Secondly, as Keynes famously remarked of Hayek, the RFS can never know where to draw the line. The fences are being erected in a defensive fashion, and markets can smell the fear. As soon as a fence is put somewhere defensively, the question becomes how much more territory would the defender be prepared to give up. The RFS is seeking to restore confidence, by excluding the non-credible parts of the financial system. But it faces a fundamental dilemma, of whether to act bullishly or bearishly in doing so. Act bullishly, and nobody really believes its reasons for doing so, including its own protagonists. Act bearishly, and it appears to be on the run.
For instance, if the eurozone splits in two, around which nations does the fence get drawn? And on what basis is it drawn there? Any new fiscal rule, a la the Stability of Growth Pact, would look pretty flimsy second time around. So would the fence be drawn in such a way as to restore confidence in the Euro itself, or simply to protect the sovereign interests of the two nations who invented the vision of an 'ever greater European union' in the first place? If the single currency is really about exorcising the ghosts of Napoleon and Hitler, then maybe someone at the ECB should come out and say so. That may be the single statement that the markets will actually believe.

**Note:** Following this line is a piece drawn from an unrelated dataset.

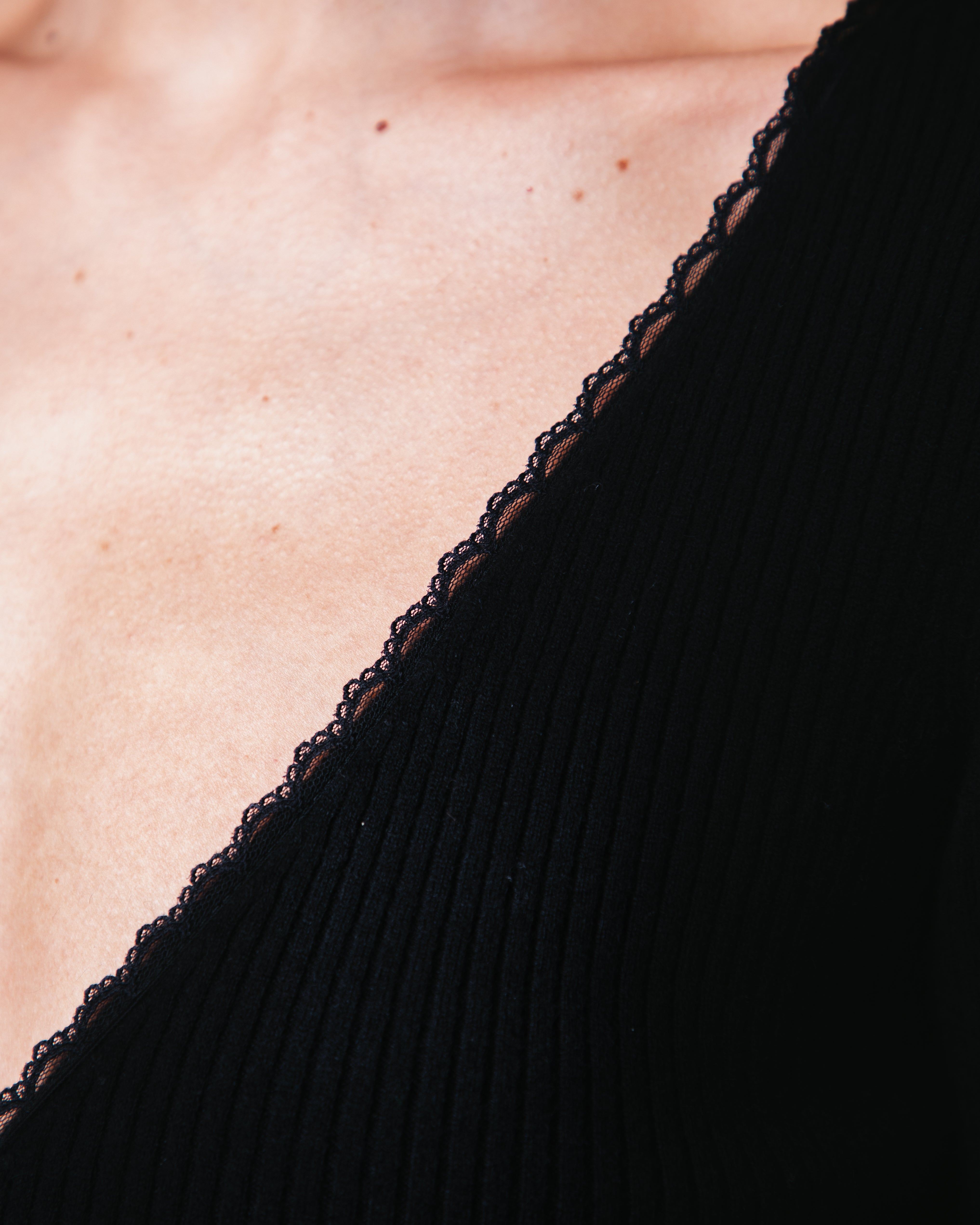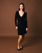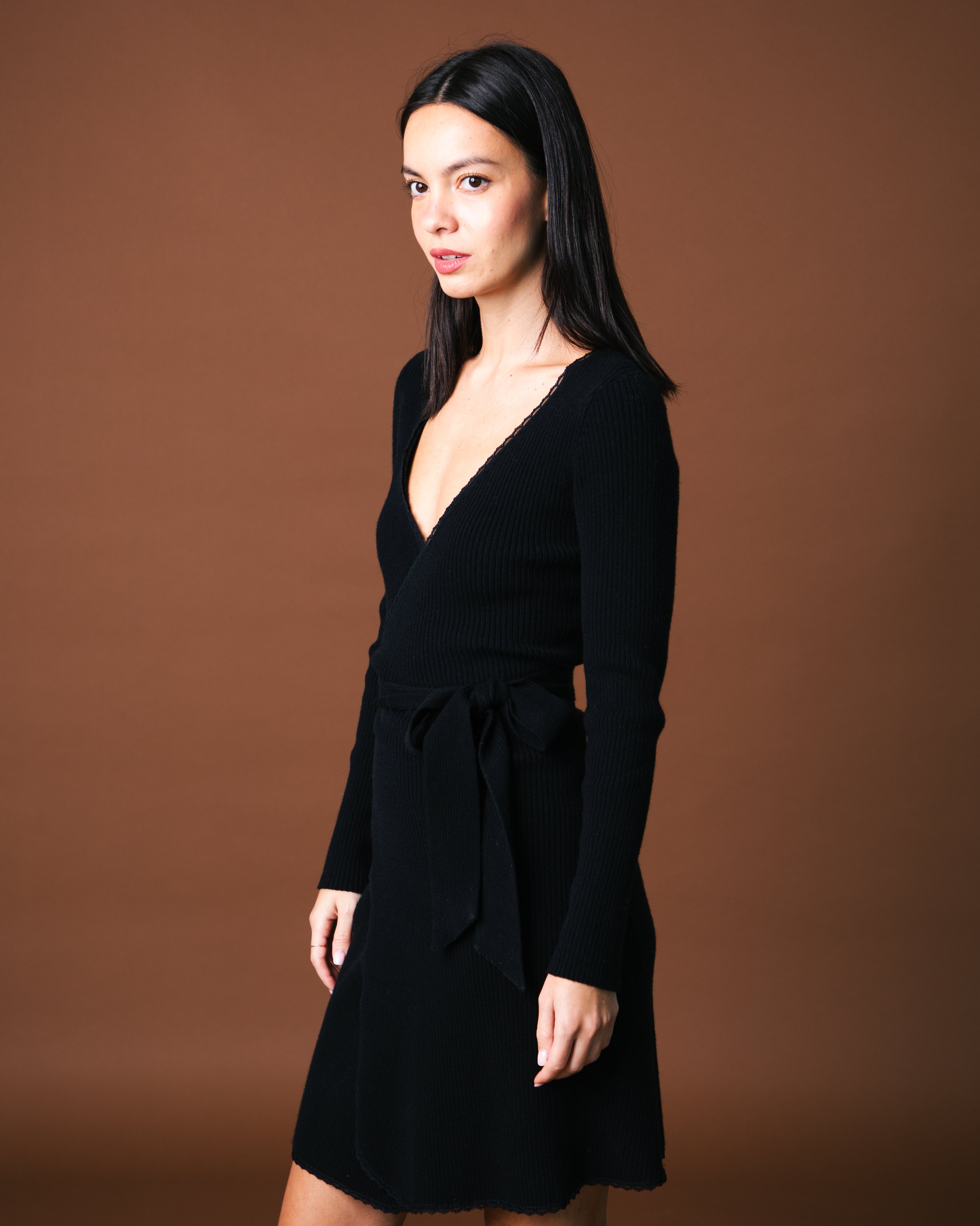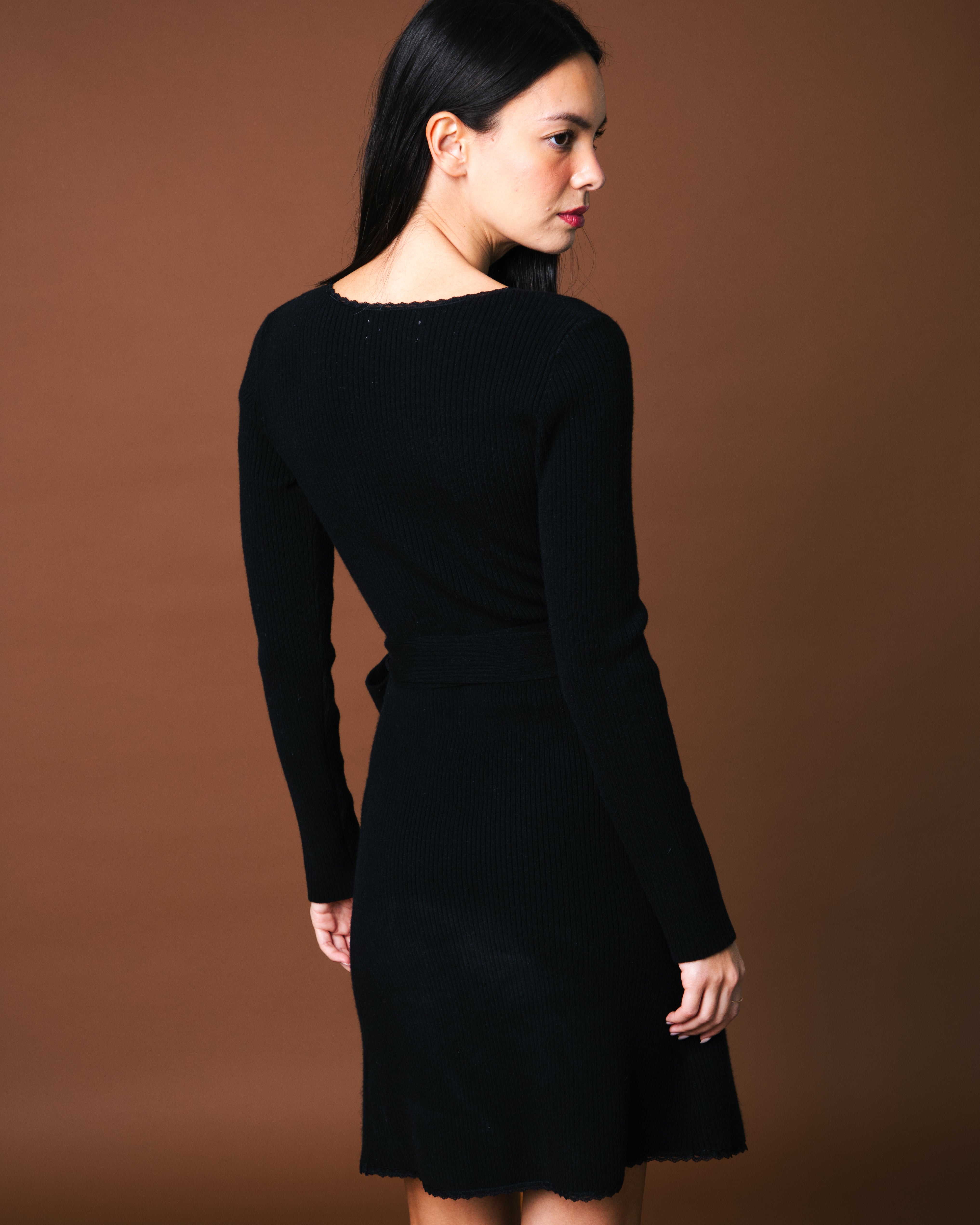 - Fitted cashmere dress with long sleeves- Rib knit, lace neckline- wrap-over shape with tie

Thirdly, any fence has gates, and the RFS then faces a dilemma over how to police them. The Vickers review suggests that banks should be allowed to throw capital 'over the fence', so as to spread risk. But one of the problems is that the 'bad' side of banking may end up being far more successful than the 'good' side, as the attempts to split Northern Rock and RBS have shown. In this situation, the RFS appears like the GDR building the Berlin Wall, not so much as to protect East Germany from the pestilence of capitalism, but to stop its citizens escaping to the West.

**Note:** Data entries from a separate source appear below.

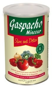 GAZPACHO PRODUIT MINCEUR CLAUDE BELL Seulement 30 Kcal par portion Gazpacho produit minceur Claude Bell en boite 250g Gazpacho produit minceur Claude Bell en cure minceur de 5 jours Gazpacho produit minceur Claude Bell 25 g dans 125 ml d'eau froide. C'est prêt ! 2 fois par jour Gazpacho produit minceur Claude Bell contient •Des protéines •Des légumes riches en fibre •Des actifs de plantes qui activent l'élimination des graisses
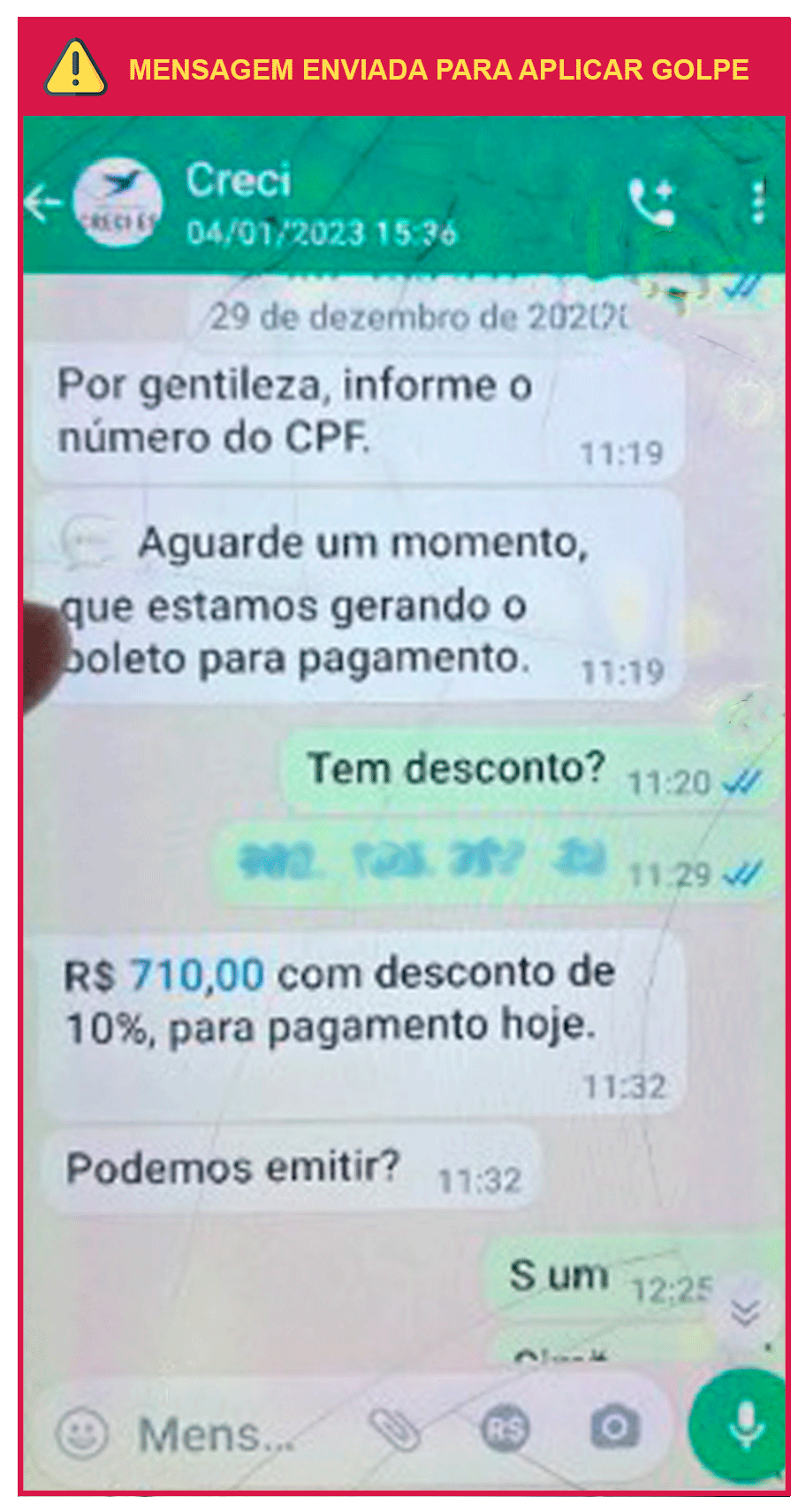 – O CRECI-ES envia mensagem de cobrança ou boletos via WhatsApp?
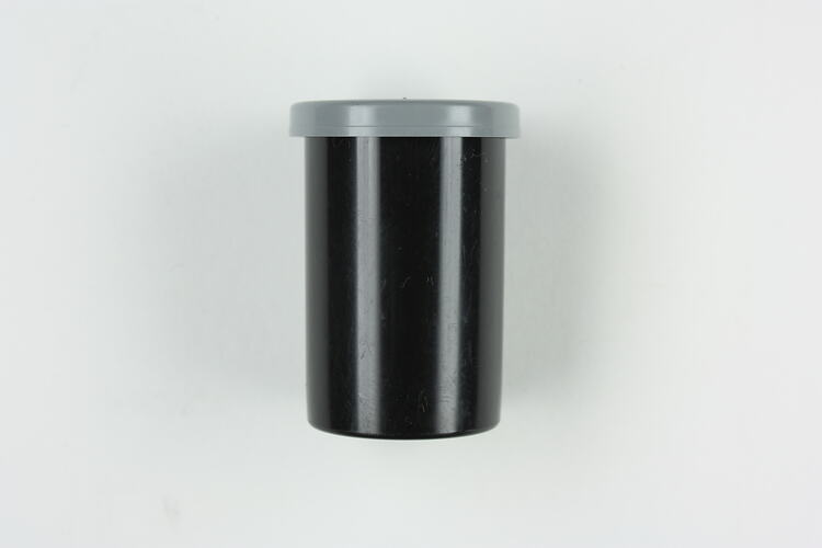 Cylindrical black plastic film canister with grey plastic lid.
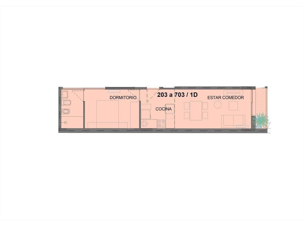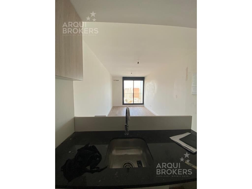 Living comedor con terraza al contrafrente, cocina integrada, 1 dormitorio y 1 baño.
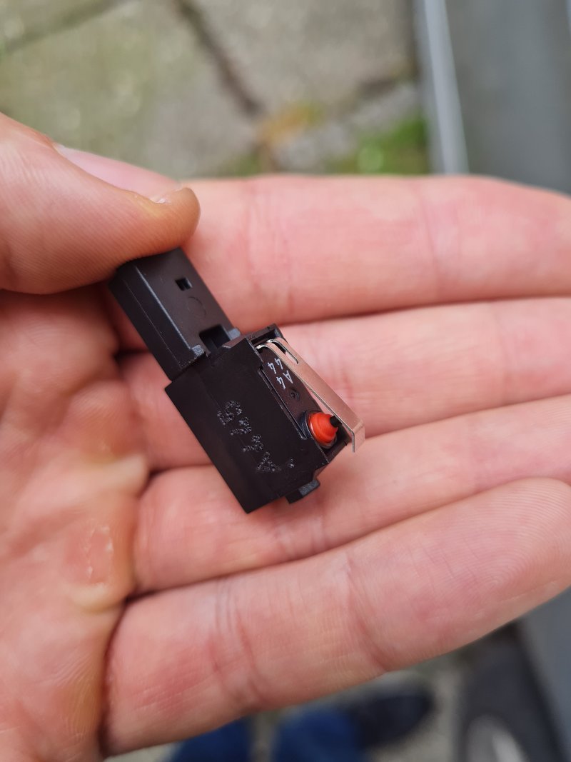 Ja sam posumnjao na mikroprekidač, i kada ovo "dugme" skinem, dobijem ovo, kablić na koji je konektovan mikroprekidač koji je u njegovom ležištu.

One driver for the financial crisis was that British and American consumers lost interest in the 'boring' bit of banking (which necessitated saving, which they were no longer prepared to do), meaning that only securitisation could support their lust for credit. The image of a public in need of protection from 'bad' banks is too simplistic. The public also needs restraining from their own excesses, as the 'nudgers' imply. In this respect, the RFS is also a shepherd, watching over a flock, and driving them into pens for their own safety.
Jamie Peck writes in this paper that "Neoliberalism’s curse has been that it can live neither with, nor without, the state." The RFS encounters this curse in a new way: it can neither own nor disown the fantasies and nightmares of a predatory financial system. It wants to turn its back on them, and shut them out, but knows that it can't. The somewhat neo-con distinction between 'good' and 'bad' ignores the constantly shifting distinction between the two, and the question of 'good for whom?'. The distinction between 'public' and 'private' risk also breaks down, as the RFS discovers that its economic responsibilities do not simply stop at a given line, in the same way that traditional sovereignty does. So we will find it endlessly shifting its fence, raising it, lowering, negotiating with those seeking to pass through it, acting tough with those on the 'wrong' side of it, until eventually its fence-building capacity loses all credibility.